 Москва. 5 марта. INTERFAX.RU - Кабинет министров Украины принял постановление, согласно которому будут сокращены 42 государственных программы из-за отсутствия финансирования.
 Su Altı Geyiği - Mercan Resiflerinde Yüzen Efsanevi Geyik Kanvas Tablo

☆ ☆ ☆

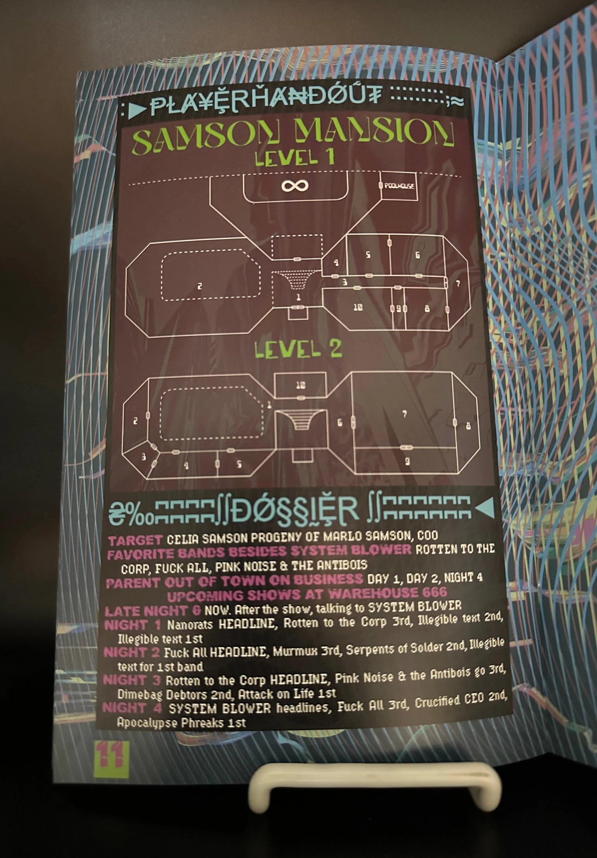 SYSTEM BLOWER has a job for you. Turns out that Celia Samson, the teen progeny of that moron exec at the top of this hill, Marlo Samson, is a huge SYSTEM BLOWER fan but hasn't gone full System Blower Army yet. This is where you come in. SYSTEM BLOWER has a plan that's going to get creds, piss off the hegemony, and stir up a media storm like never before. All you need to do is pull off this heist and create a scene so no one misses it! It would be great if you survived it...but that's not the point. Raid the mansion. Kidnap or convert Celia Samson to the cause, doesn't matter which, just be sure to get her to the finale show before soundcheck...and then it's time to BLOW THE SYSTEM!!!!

☆ ☆ ☆

WHAT YOU NEED TO DO.
Write down, word for word, the lines above from the one containing "Москва. 5 марта." through the one containing "Su Altı Geyiği", both ends included.

RESULT.
 Москва. 5 марта. INTERFAX.RU - Кабинет министров Украины принял постановление, согласно которому будут сокращены 42 государственных программы из-за отсутствия финансирования.
 Su Altı Geyiği - Mercan Resiflerinde Yüzen Efsanevi Geyik Kanvas Tablo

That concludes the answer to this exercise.